Already on GitHub? Sign in to your account

IoT web socket connection continuously getting Connection Error #1057

Closed
mistyleaf opened this issue Oct 5, 2018 · 11 comments
Closed

IoT web socket connection continuously getting Connection Error #1057

mistyleaf opened this issue Oct 5, 2018 · 11 comments
Assignees
Labels
iot Issues related to the IoT SDK pending-response Issue is pending response from the issue requestor question General question

Comments

@mistyleaf
Copy link

State your question

We are connecting to IOT using web socket. From time to time (not reproducible at will), we will see the following behavior.

We will successfully establish a connection. But then soon afterwards, we receive a MQTT Connection Error. We keep going in this loop. Sometimes the Connection Error could happen sometimes 5 seconds after connect, or 30 seconds later, or 10 minutes later.

A few questions:

Is there any light you can shed on why this might be happening? (Bad LTE connection? Keep-alive pings failing?)

What happens if keep-alive ping fails? Would this cause a Connection Error?

Is there a way to get better error messages on why Connection Error, or a better way to diagnose the issue?

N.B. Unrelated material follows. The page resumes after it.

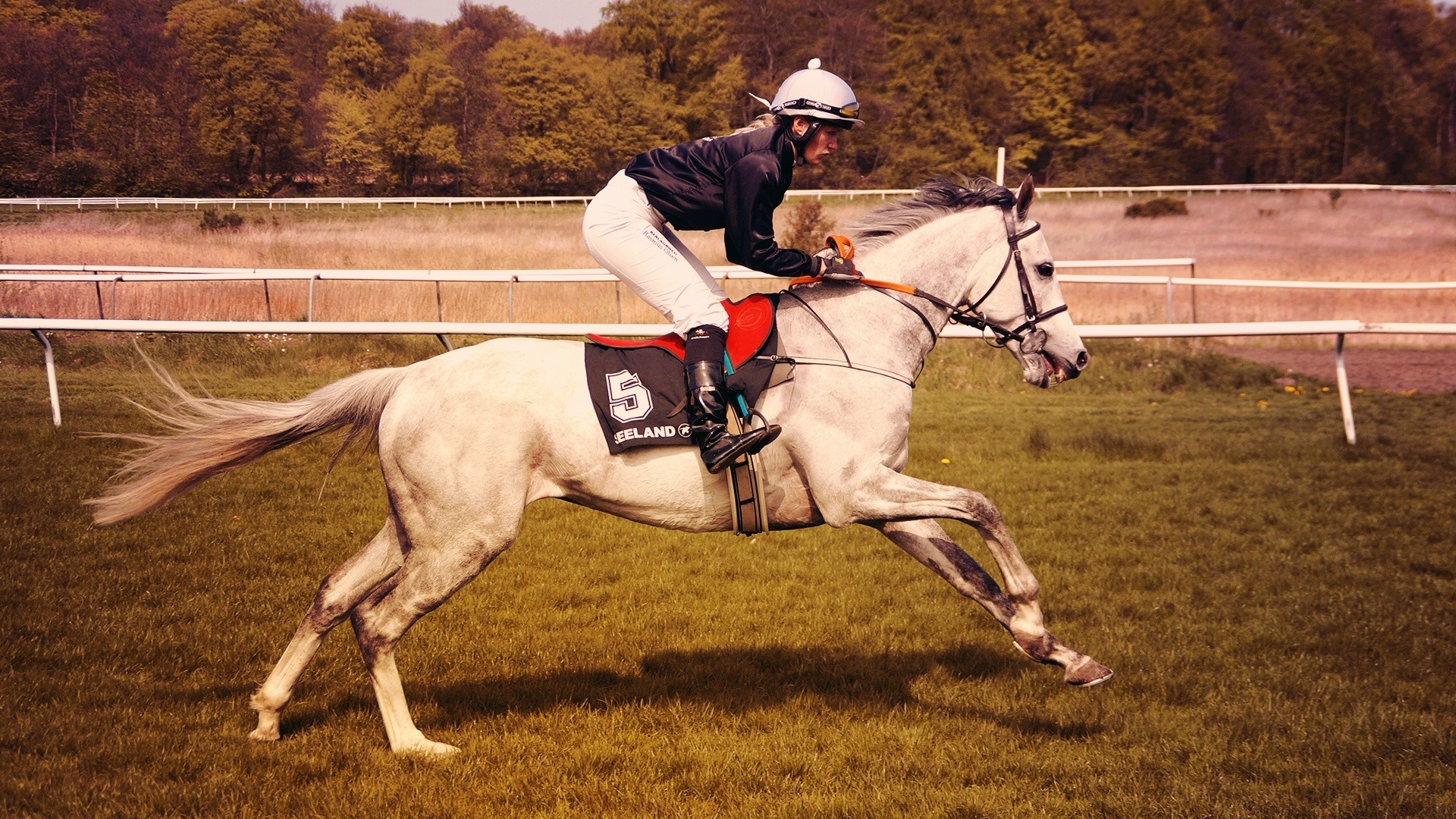 Un cheval blanc avec une queue noire et une crinière saute joyeusement sur le terrainUn cheval blanc avec une queue noire et une crinière saute joyeusement sur le terrain

Which AWS Services are you utilizing?

AWSIoT

Provide code snippets (if applicable)

Environment(please complete the following information):

  • SDK Version: 2.6.28
  • Dependency Manager: Cocoapods
  • Swift Version : 4.0

Device Information (please complete the following information):

  • Device: iPhone X
  • iOS Version: iOS 12
  • Specific to simulators:

If you need help with understanding how to implement something in particular then we suggest that you first look into our developer guide. You can also simplify your process of creating an application, as well as the associated backend setup by using the Amplify CLI.

@scb01 scb01 self-assigned this Oct 5, 2018
@scb01
Copy link
Contributor

scb01 commented Oct 5, 2018

@mistyleaf

sorry to hear that you are running into issues. To help debug this further, I have a few questions

@scb01 scb01 added the iot Issues related to the IoT SDK label Oct 5, 2018
@frankmuellr frankmuellr added the pending-response Issue is pending response from the issue requestor label Oct 5, 2018
@mistyleaf
Copy link
Author

@cbommas

Thanks for the reply!

Once the connection is dropped, I actually call a disconnect. The reason is that upon a disconnect event, I wanted to clear the access key and the session altogether. In the past (before the reconnection issues were fixed in some of your previous SDK releases), it was the only way for me to disable the auto retries and guarantee that we didn’t get into a reconnection loop (this was draining the battery on our app).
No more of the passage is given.